We must look to the deed, for the evidence of the sale. This shows that it was made by the administrator, who had the right to make it. It was not made by Lewis. He does not participate in the conveyance. His acts were merely those of an attorney for his client, and not as an agent with a power to make the sale in the name of his principal. The administrator was the vendor, and the sale was made by him, and the conveyance is in his own name as principal. The sale was, therefore, not void, and it passed such title to the purchaser as the administrator could convey; that is, such title as was in the decedent as the mortgagee, after the law-day had passed.

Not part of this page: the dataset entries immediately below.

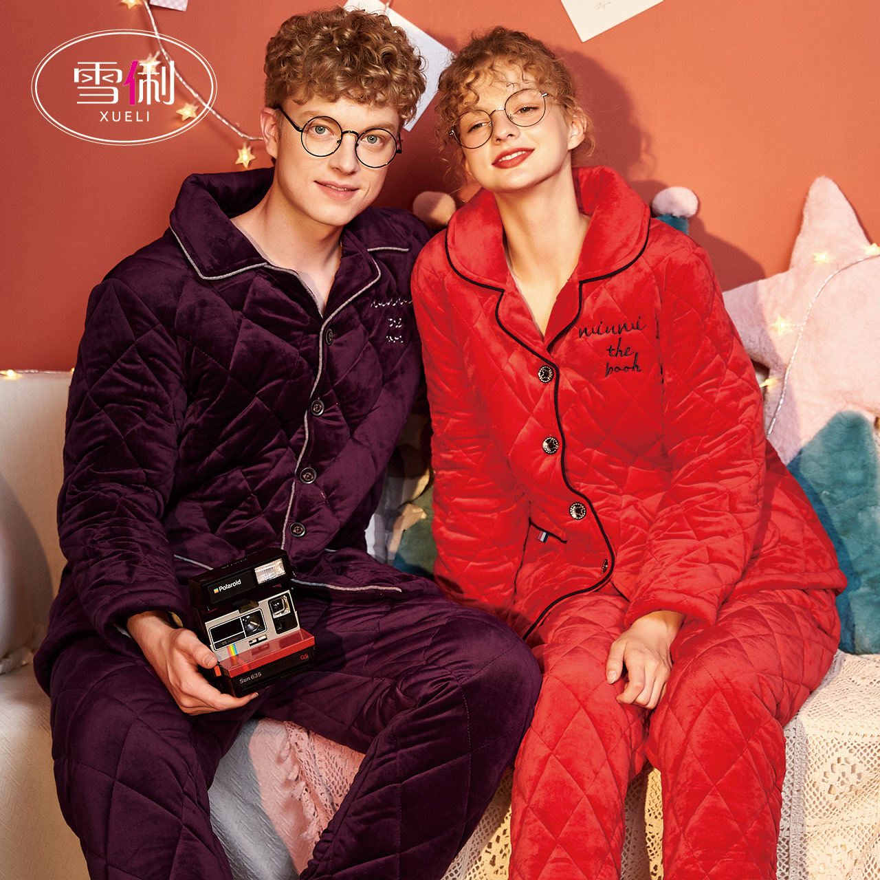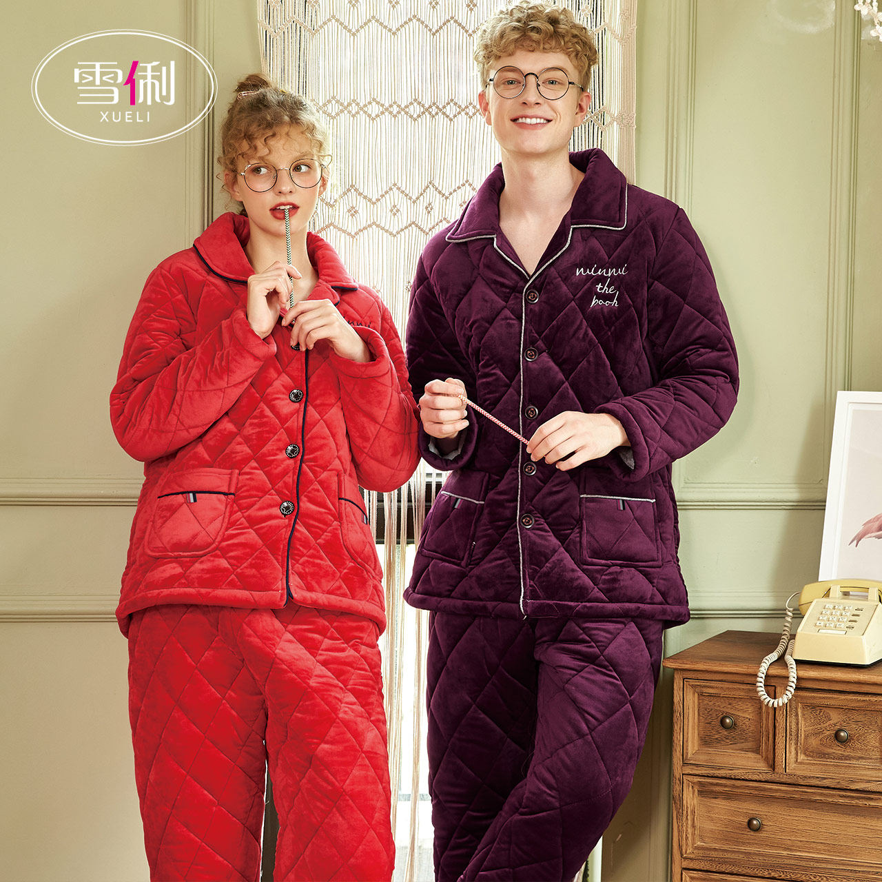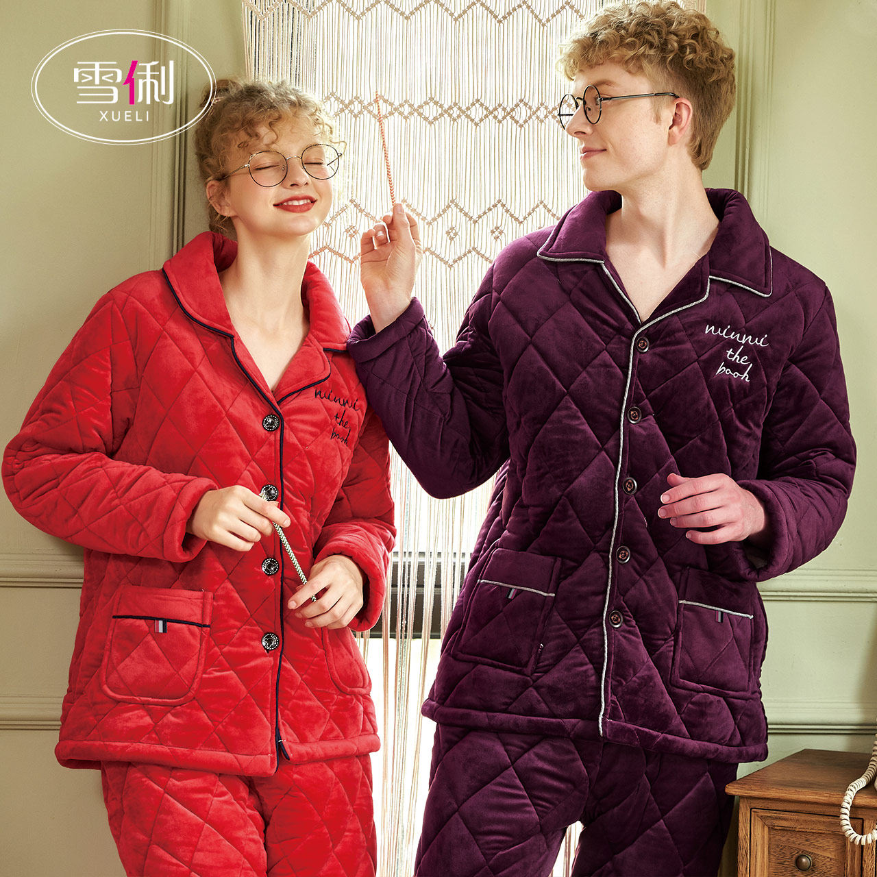 Snow clipped couple pajamas fall winter women's red thickened plus pile coral velvet men's wedding set
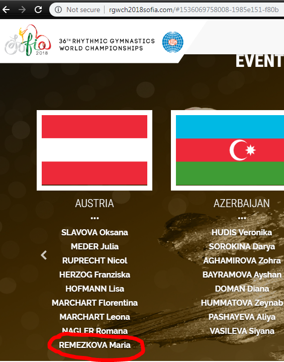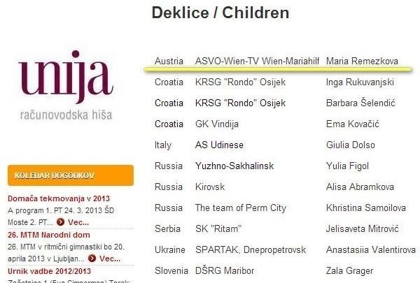 Маша Ремезкова. Большие успехи в гимнастике. Тренируется в Австрии. Ну и выступает за нее, соответственно, в 2013 году, правда, но может вернулась.
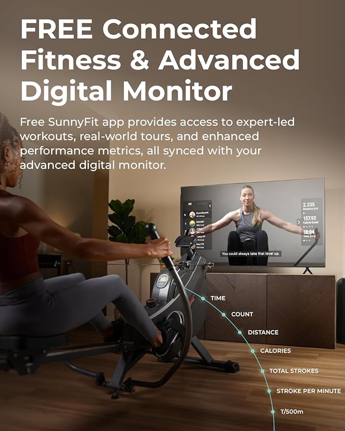 - 【FREE CONNECTED APP】 Enjoy FREE access to the SunnyFit App with every Sunny Health & Fitness product—no membership fees! Dive into 1,000+ trainer-led workouts, explore 10,000+ virtual scenic tours, track progress, challenge others, and much more!
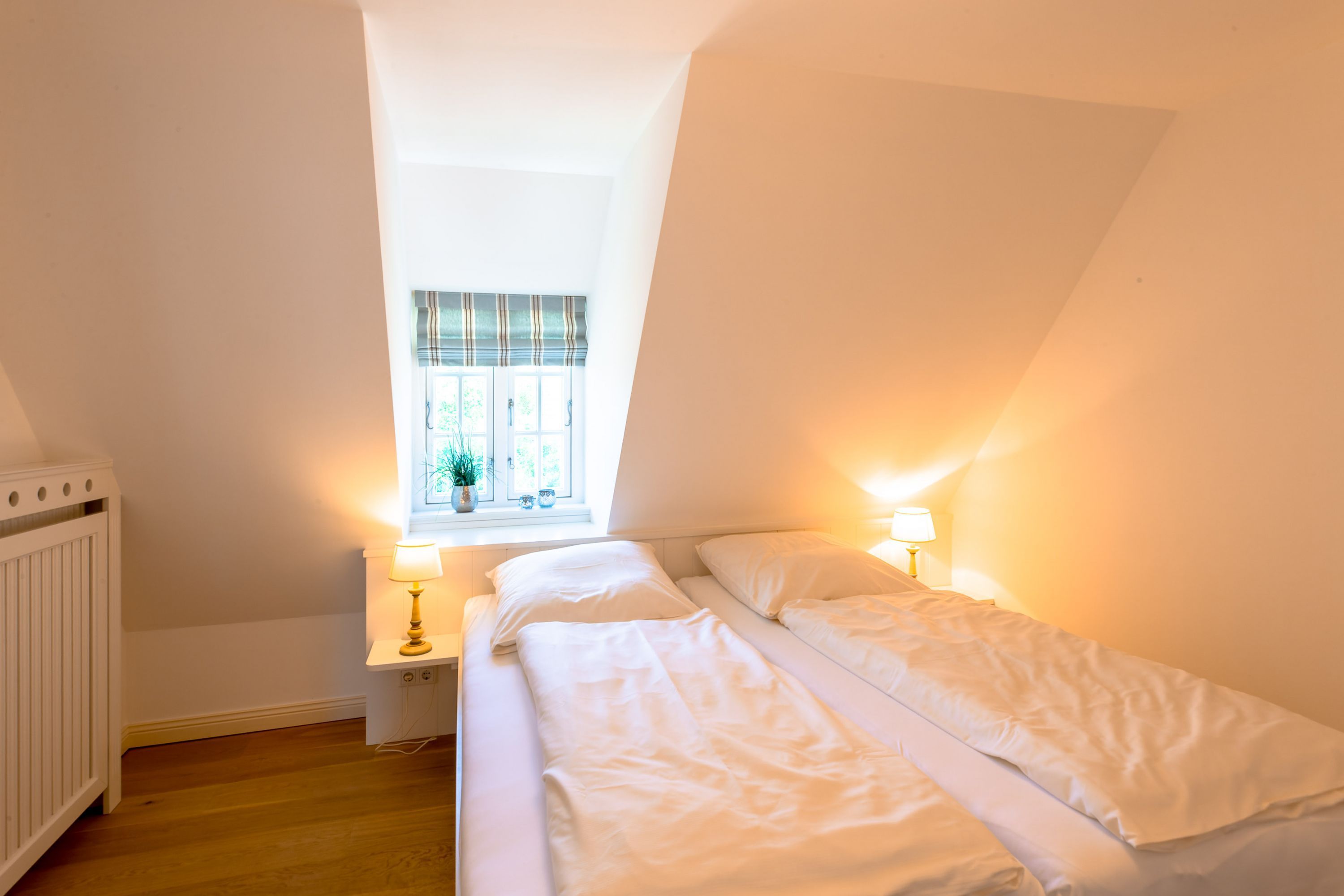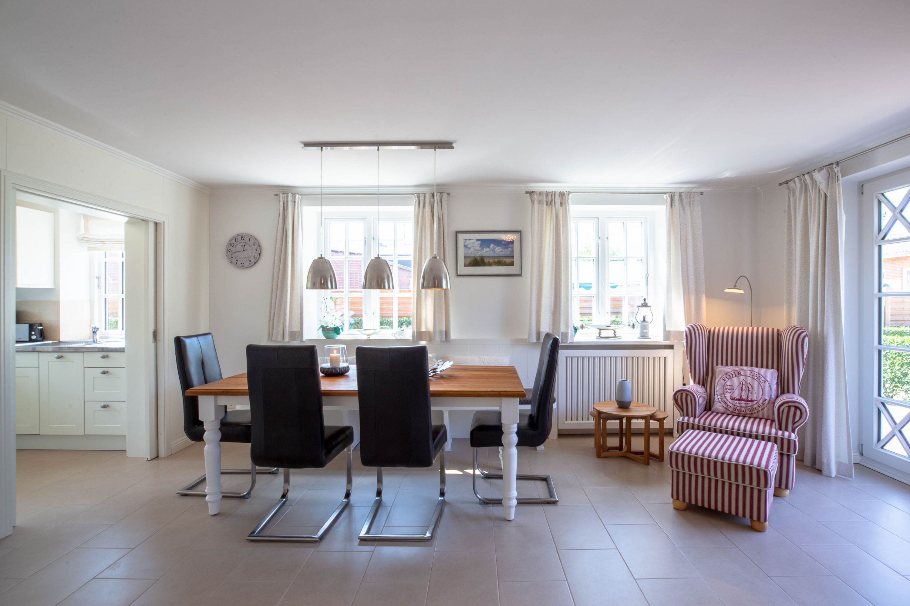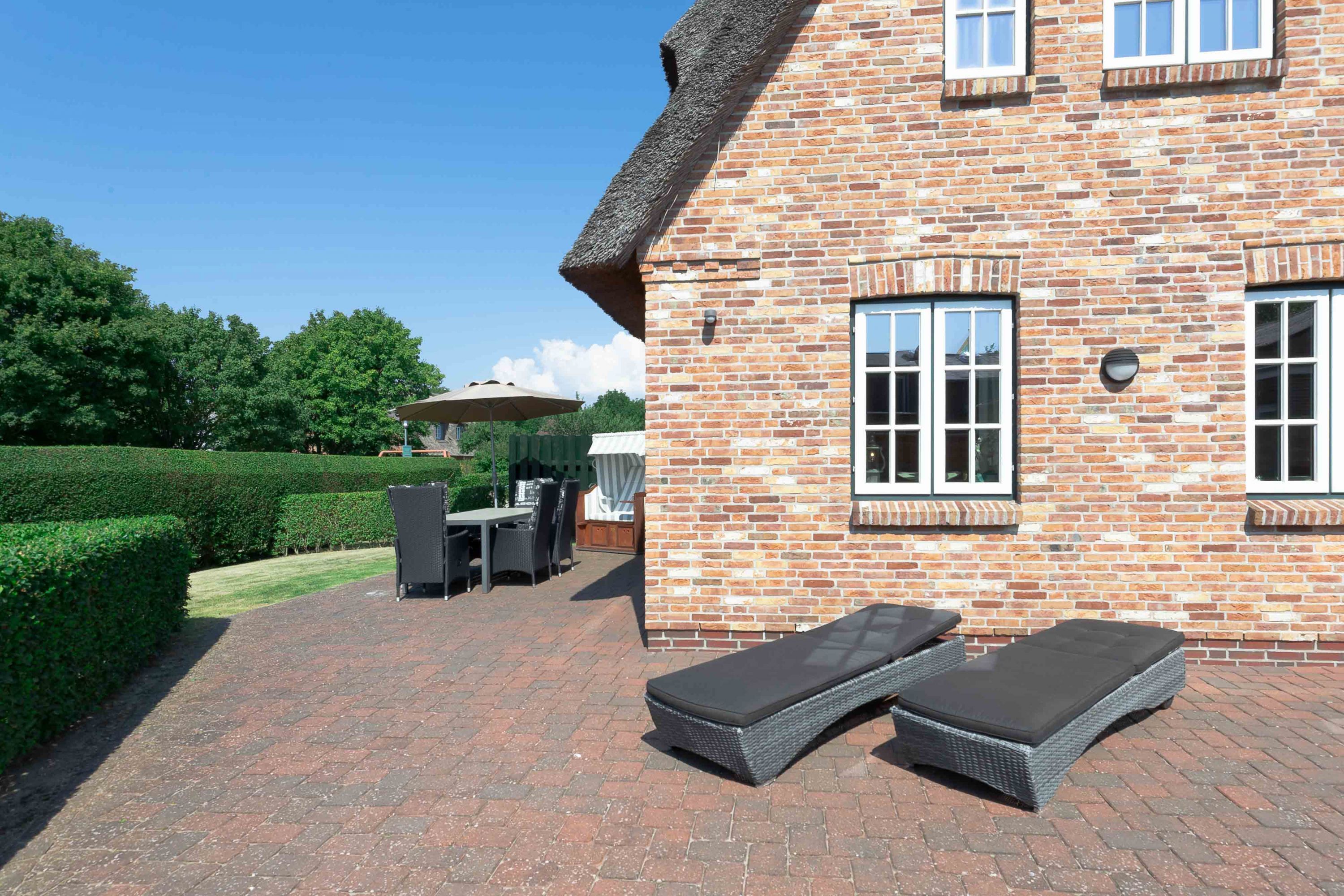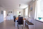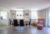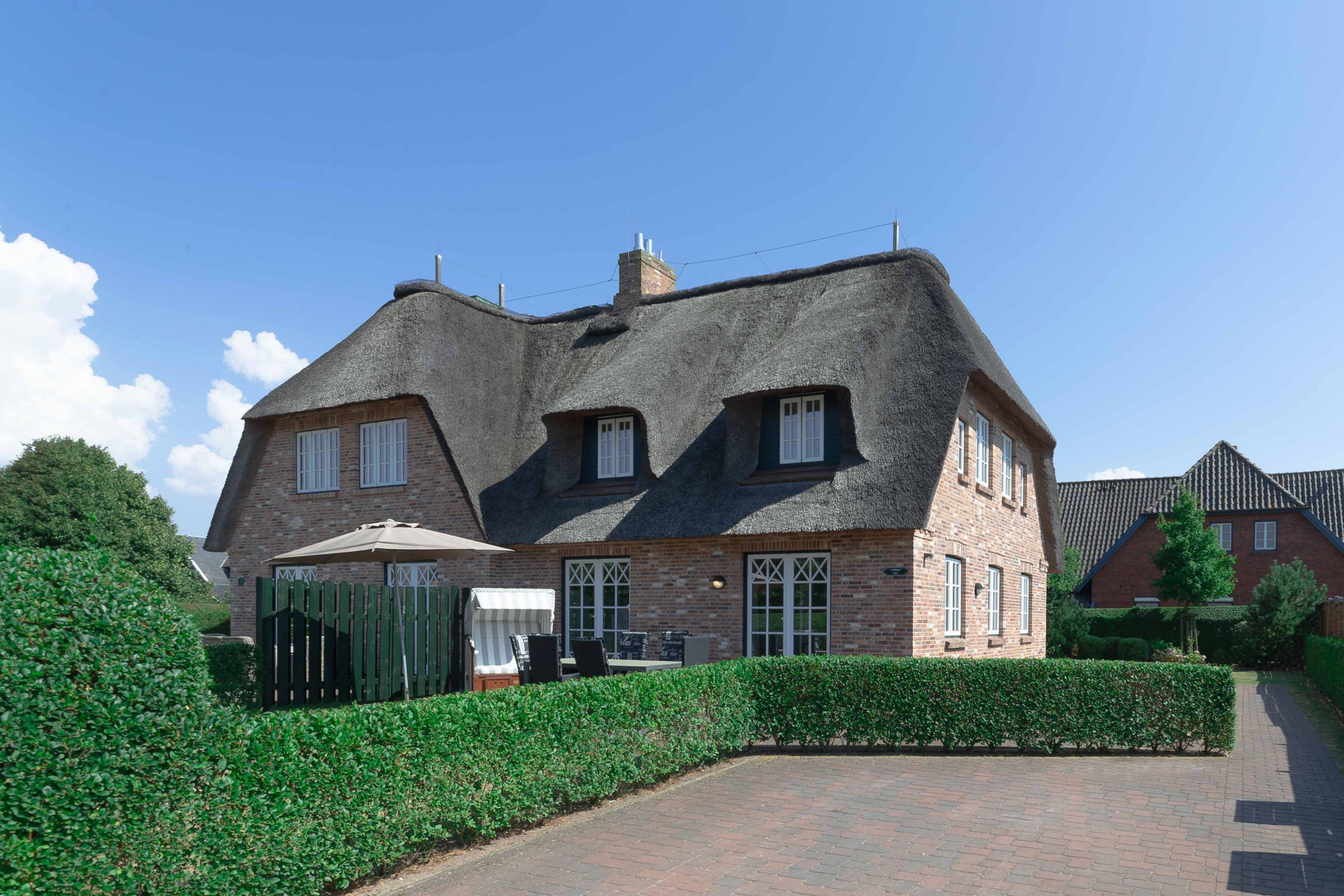 Ein typisches Friesenhaus mit sehr schöner Architektur. Die Summe schöner Details wie Holzsprossenfenster, Reetdach, Fliesen und Holzarbeiten - schafft eine wunderbare Atmosphäre. Das Doppelhaus unter Reet liegt an der Marsch, eingebettet in Wrixum - dem kleinen Nachbarort von Wyk mit dörflichem Charme. In der Nachbarschaft befindet sich ein Café mit leckerem, selbstgebackenem Kuchen, ein Fahrradverleih um die Insel per Rad zu erkunden und die Backstube des ortsansässigen Bäckers. Die Stadt Wyk mit seinen Geschäften und der Promenade sowie vom Strand nur etwa 5 - 10 Fahrradminuten entfernt.

The widow and the children of the testator are the legatees ; and the estate is to be divided equally among them. The evidence shows that Davis was the highest bidder at the mortgage sale for the lands in controversy; that his bid was accepted by the vendor; and that the purchase-money has been paid; but that Davis died before the conveyance was made. After the death of Davis, the conveyance was made to his executors, the present plaintiffs in the court below. The objections to the manner of conducting the sale by the vendor, by his agent, Lewis, or to the bid of Davis, by his agent, Nabors, are not of such force as to render the sale void. I cannot see that they were even serious irregularities. The owner of property, in this State, is not bound to offer it for sale in any particular manner. He may offer it for sale privately, or at public sale. When the mode by public sale is adopted, as was done in this case, the sale need not be conduóted by a licensed auctioneer, but it may be conducted by the owner himself in person, or by his agent for him. When the property to be sold is land, and it is offered to the highest bidder, the person who offers this bid, if it is accepted, is the pui’chaser. This binds the parties on both sides. The essentials of such a sale are not different from those of other sales. The sale is a contract, the terms of which are proposed on one side, and accepted on the other, and both parties assent to it.
As the conveyance under the mortgage sale is not a nullity, it vests such title in the plaintiffs as to enable them to bring this action, and to recover against the defendants, unless they show a better title. White v. Saint Girons, Minor, 331; Wilkins & Smith v. Sorrells, 45 Ala. 272. The court erred, therefore, in the rejection of the deed offered by the plaintiffs in support of their title, for the reasons shown in the bill of exceptions, and no other reasons will be considered in this court.
The judgment of nonsuit in the court below is reversed, and the cause is remanded for a new trial.